# Recommended Videos Game



## Vipera Magnifica (Mar 11, 2012)

1. Go on to YouTube
2. Locate "Recommended" bar on the right side of the homepage
3. Post first 5 videos that appear. No cheating.


----------



## Connoiseusse Burgundy (Mar 12, 2012)

Minecraft, ponies, Minecraft, WarioWare DIY, Happy Wheels


----------



## Noctowl (Mar 12, 2012)

Ponies, Ponies, Moar ponies, ...pony music I think? *listens* Its pretty good.,Stolen video,Lots of robot chicken I can't be arsed to post,And a Magikarp sweep.


----------



## Vipera Magnifica (Mar 13, 2012)

Ponies, a Gmod video, Animals as Leaders song, Opeth song, TF2 replay


----------



## Yami Angel Christian (Mar 20, 2012)

4 - Bowie No Jutsu~!
TeamFourStar AWA Special
Let's Play Penumbra Overture (1 P 1)
Metal Gear Solid 4 Soundtrack: Father and Son
3 - Fanservice No Jutsu~!

Easy to see what I like... Don't know what Penumbra is, though...


----------



## Sypl (Apr 1, 2012)

Mob Saloon
Backin Up Song
So I killed a spy today in TF2...
Minecraft XP farm
Sneaky Spy Waiting For The Train


----------



## Yami Angel Christian (Apr 4, 2012)

NGE One-Shot - Card Games for Charity
Metal Gear Solid 4 HD 720P Cutscene Part 54
Code MENT - Episode 5 Unincepted
Lets Play Poker Night at the Inventory (?)
Episode 44 - Ishizu Explains It All

Now, I like watching certain Lets Plays, but...


----------



## Frostagin (Apr 4, 2012)

[APH] England Tribute - If I Die Young
[APH] Rhythm of love [GerIta]
Doctor Who Series 5 OST- 59 The Sad Man
La Pasión No Se Detiene
Po pi po ~ Miku Hatsune Vegetable Juice Dance

Okay, I don't even like that first song.
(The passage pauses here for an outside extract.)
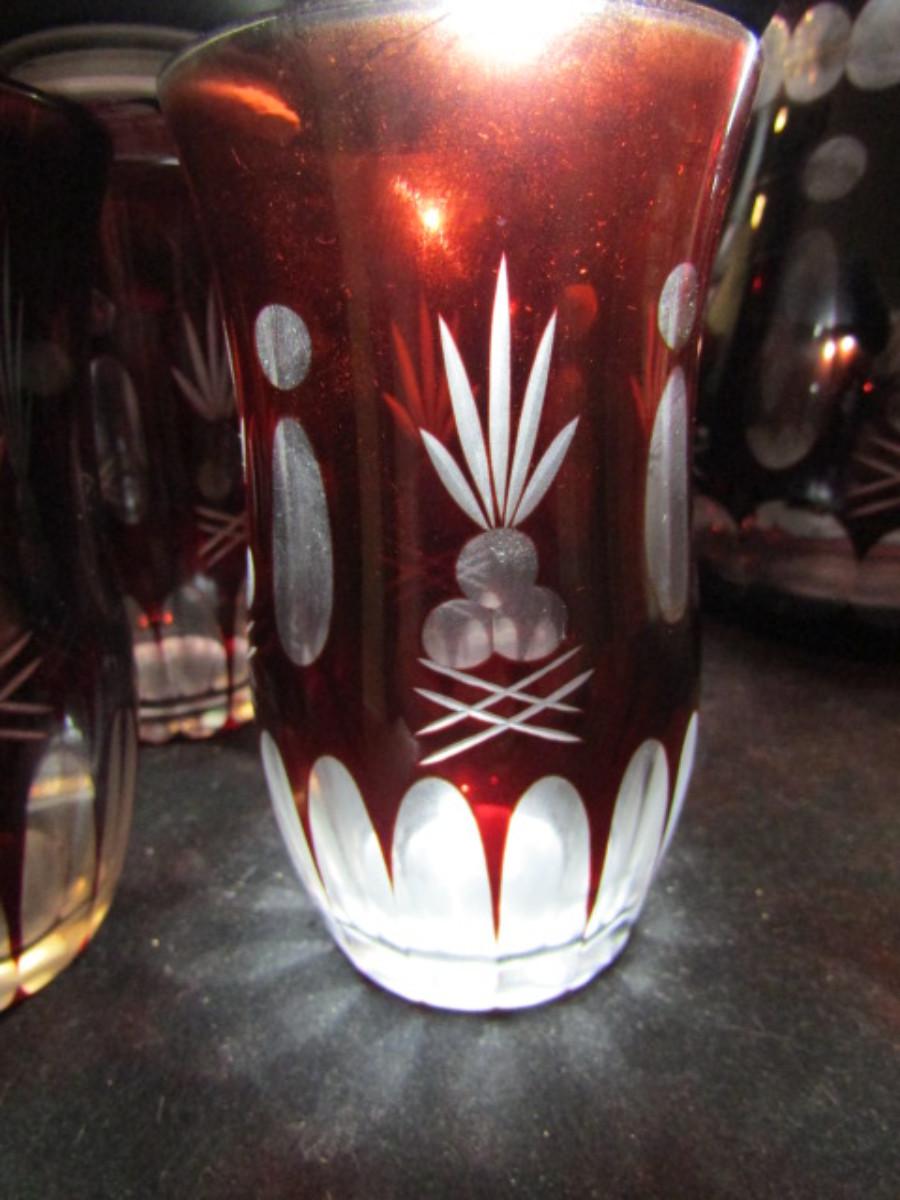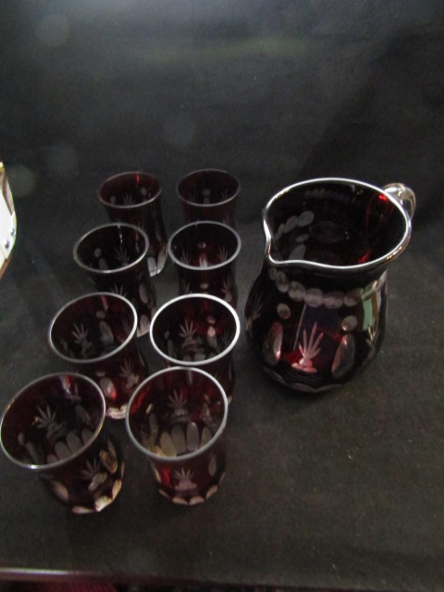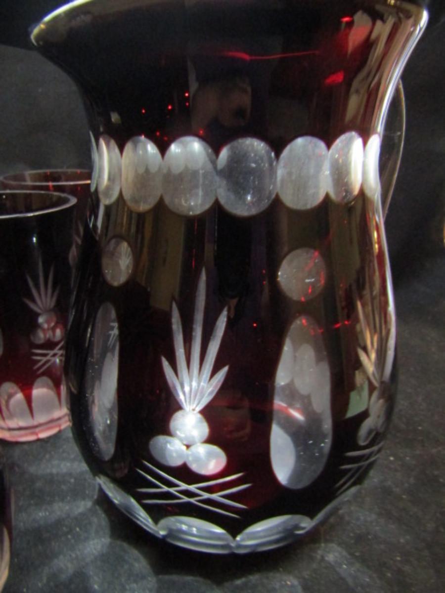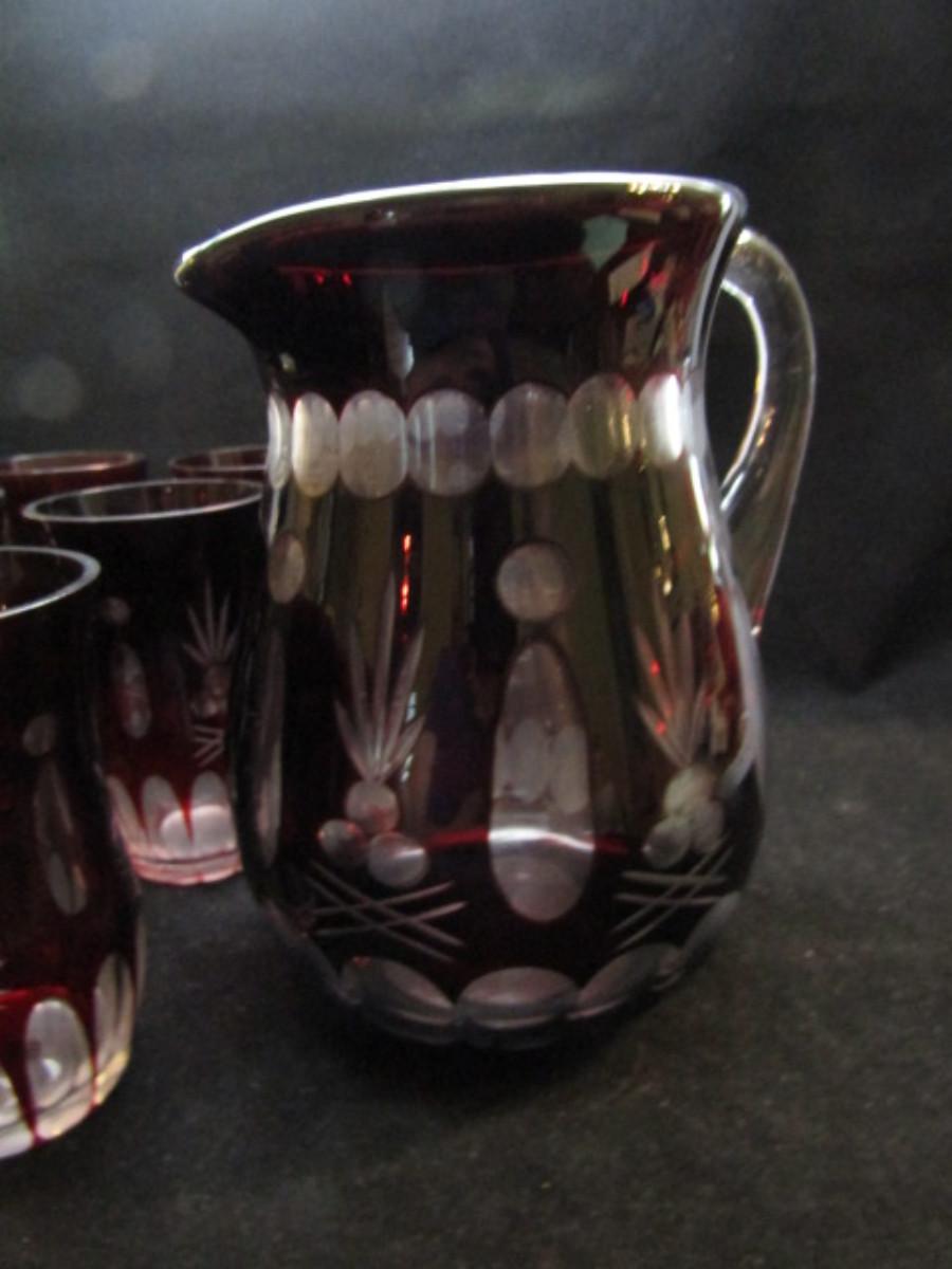 Glass Beverage Set- Ruby Red Cut to Clear- 1 Pitcher and 8 Glasses (#167). Possibly Czech Bohemian.

The second song is pretty good though. (Both have Hetalia pictures.) That third one is Doctor Who, most likely because I was listening to I Am The Doctor earlier. I think the fourth is Spain's character song or something, and the fifth is because I have been sucked into the craziness that is Vocaloid.


----------



## Yami Angel Christian (Apr 4, 2012)

TombRaider3 JUNGLESPEEDRUN FROM 0:24 SECONDS
MGS3 -- Japanese Kanji --
Metal Gear Solid 4 Soundtrack: Father and Son (again)
Omega Prime
mgspw -- Japanese Kanji --

Wait, the next one is "Legacy of Kain: Defiance Outtakes"! I'm off to watch that!


----------